Tonight I went up to Columbia for the opening of “The Book Undone: Thirty Years of Granary Books” at the Kempner Gallery Rare Book & Manuscript Library on the sixth floor of Butler Library. It is worth the trip! Curated by Sarah Arkebauer and Karla Nielsen, the exhibition includes about one third of the astounding 164 books Granary (proprietor, Steve Clay) has published since beginning operations in 1985. Some of the earliest Granary publications seemed to pick up from the tradition of Jonathan Williams’ Jargon Books, which got its start in the early 1950s at Black Mountain College, at the instigation of Charles Olson, who told Williams, “Don’t ever be intimidated by the disdain or the disinterest of the world. Get yourself some type, get yourself some paper, and print it.” This statement could serve as the motto for the Mimeo Revolution that flourished in the 1960s and ‘70s and was a mainstay for the dissemination of poetry that had small but passionate followings. In its early days, Granary published books by Williams, Fielding Dawson, and John Cage, all of them with BMC credentials. Granary is also devoted to the Mimeo Revolution itself, as anyone who saw the inspiring 1998 exhibition at the New York Public Library will remember. Clay and Rodney Phillips, a curator at the Henry W. and Albert A. Berg Collection of English and American Literature, organized the exhibition, and they co-edited the accompanying book, published by Granary: A Secret Location on the Lower East Side: Adventures in Writing, 1960-1980, which documents many of the poetry zines of that era and the poets and artists who created them. This book should be required reading, and it probably is in the most advanced literature classes around the country and beyond.
As time went on, Granary’s interests expanded to include such artists and writers as (and this is only a selection!) (in roughly chronological order) Johanna Drucker, Buzz Spector, Susan Bee, Lewis Warsh, Jerome Rothenberg, Kimberly Lyons, Robert Creeley, Alex Katz, Charles Bernstein, Anne Waldman, Ted Berrigan, George Schneeman, Joe Elliot, Julie Harrison, Carolee Schneemann, Bernadette Mayer, Lyn Hejinian, Emilie Clark, Pierre Joris, Larry Fagin, Trevor Winkfield, William Corbett, Clark Coolidge, Keith Waldrop, Kenward Elmslie, Alison Knowles, Joe Brainard, Susan Howe, David Antin, Emily McVarish, Kenneth Goldsmith, Gary Sullivan, Nada Gordon, Simon Pettet, Duncan Hannah, Leslie Scalapino, Marina Adams, Anne Tardos, Ron Padgett, Maureen Owen, Yvonne Jacquette, John Yau, Archie Rand, Bob Perelman, Francie Shaw, Norma Cole, Alice Notley, Alan Halsey, Steve McCaffery, Marjorie Welish, James Siena, Jen Bervin, John Ashbery, Kiki Smith, Kathleen Fraser, Hermine Ford, Ceclia Vicuña, Edward Sanders, Raphael Rubinstein.
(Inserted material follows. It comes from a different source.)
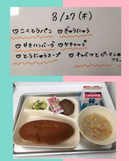 『焼きハンバーグ』は、焼き物機で焼いたハンバーグにケチャップをかけて食べます☆☆☆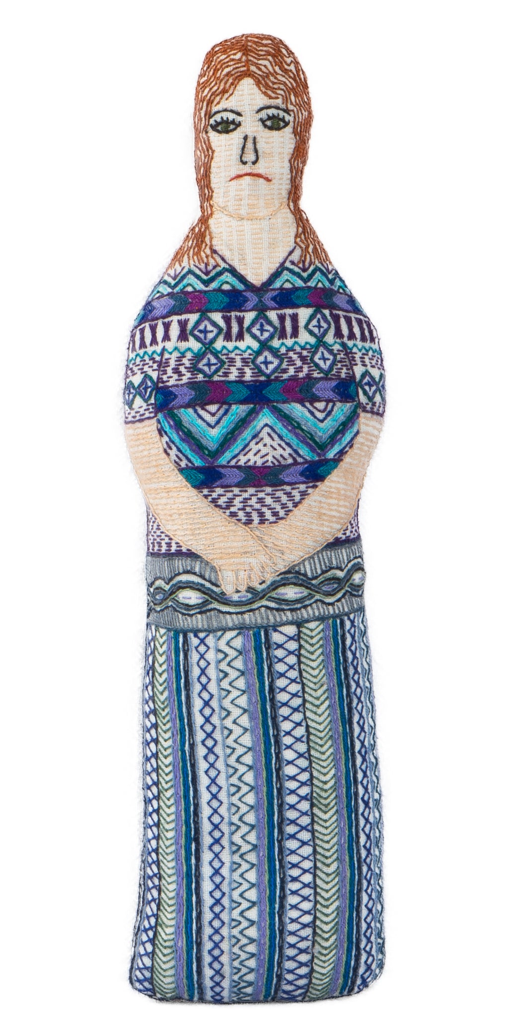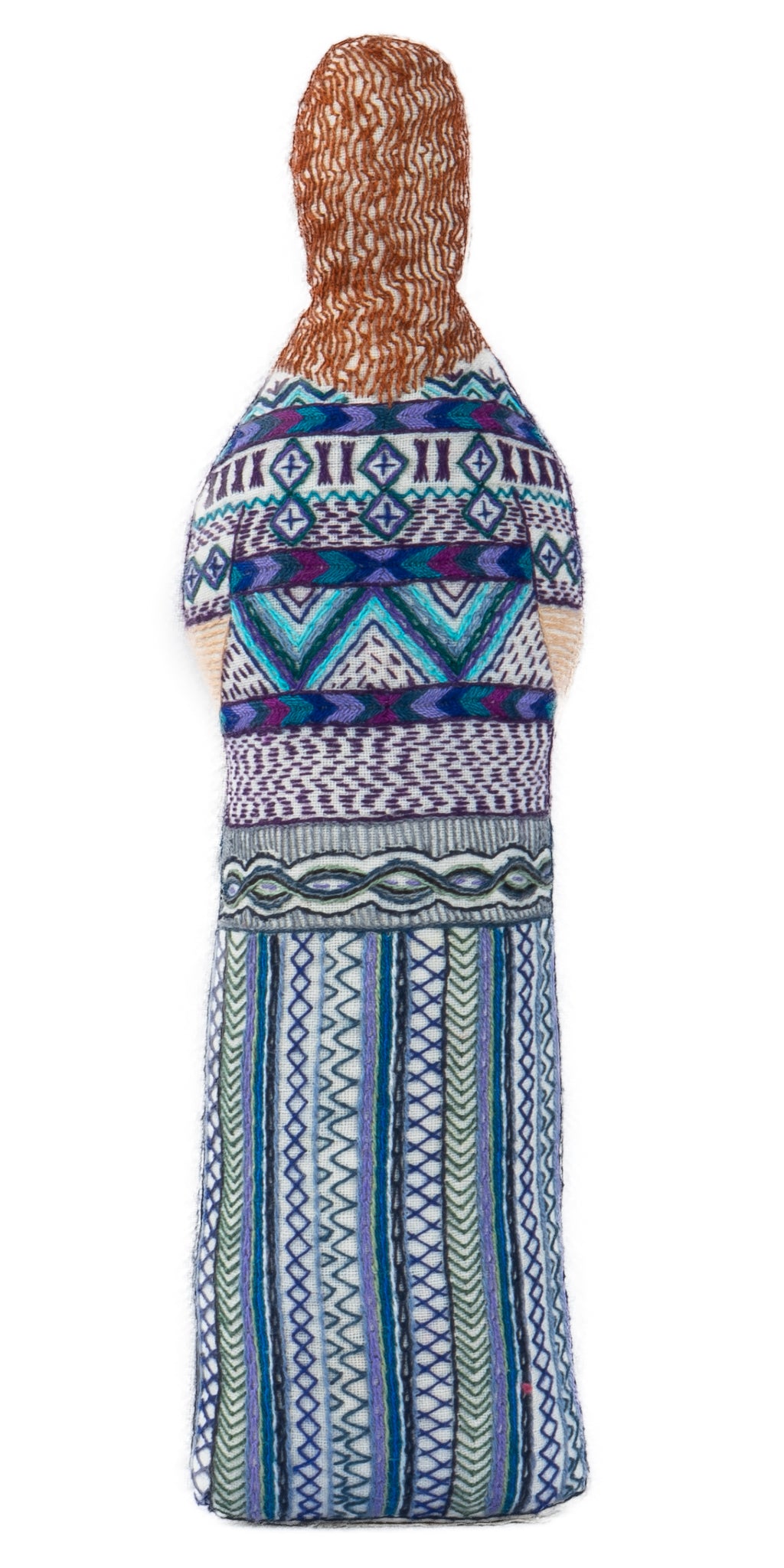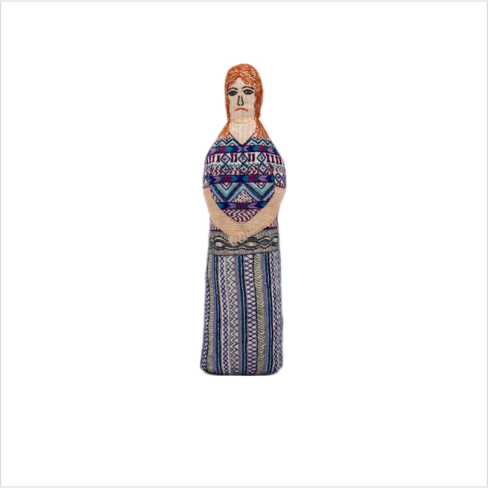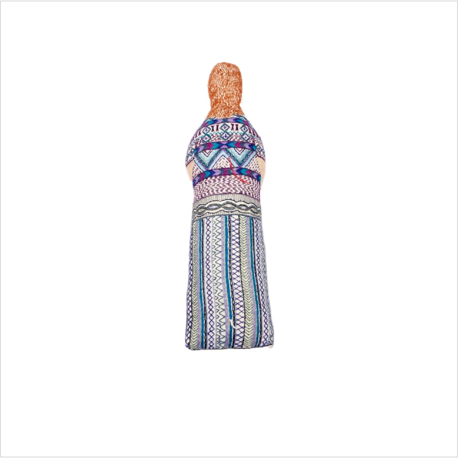 "Embroidered doll featuring designs that represent the traditional costumes of various regions of Guatemala."

(Page from Johanna Drucker and Susan Bee's A Girl's Life, Granary Books, 2002)
Granary’s books are remarkable because each one is unique in design. Clay has a sixth sense for knowing which approach — whether trade edition or limited edition artist’s book — is appropriate for each outing, and he knows exactly how to achieve the end he and his collaborators have in mind. Often, these structures are teasing what can conceivably be considered a book, and yet they are all books. Above all, the central character is complicity. This is a tradition of people working outside the mainstream, banding together to make poetry books in exactly the form, size, and quantity they desire. The installation is exquisite. The three dimensional and tactile qualities are exposed for all to see, to examine, to admire, to enjoy, and to learn from. Take a trip to Columbia. Your senses will be energized.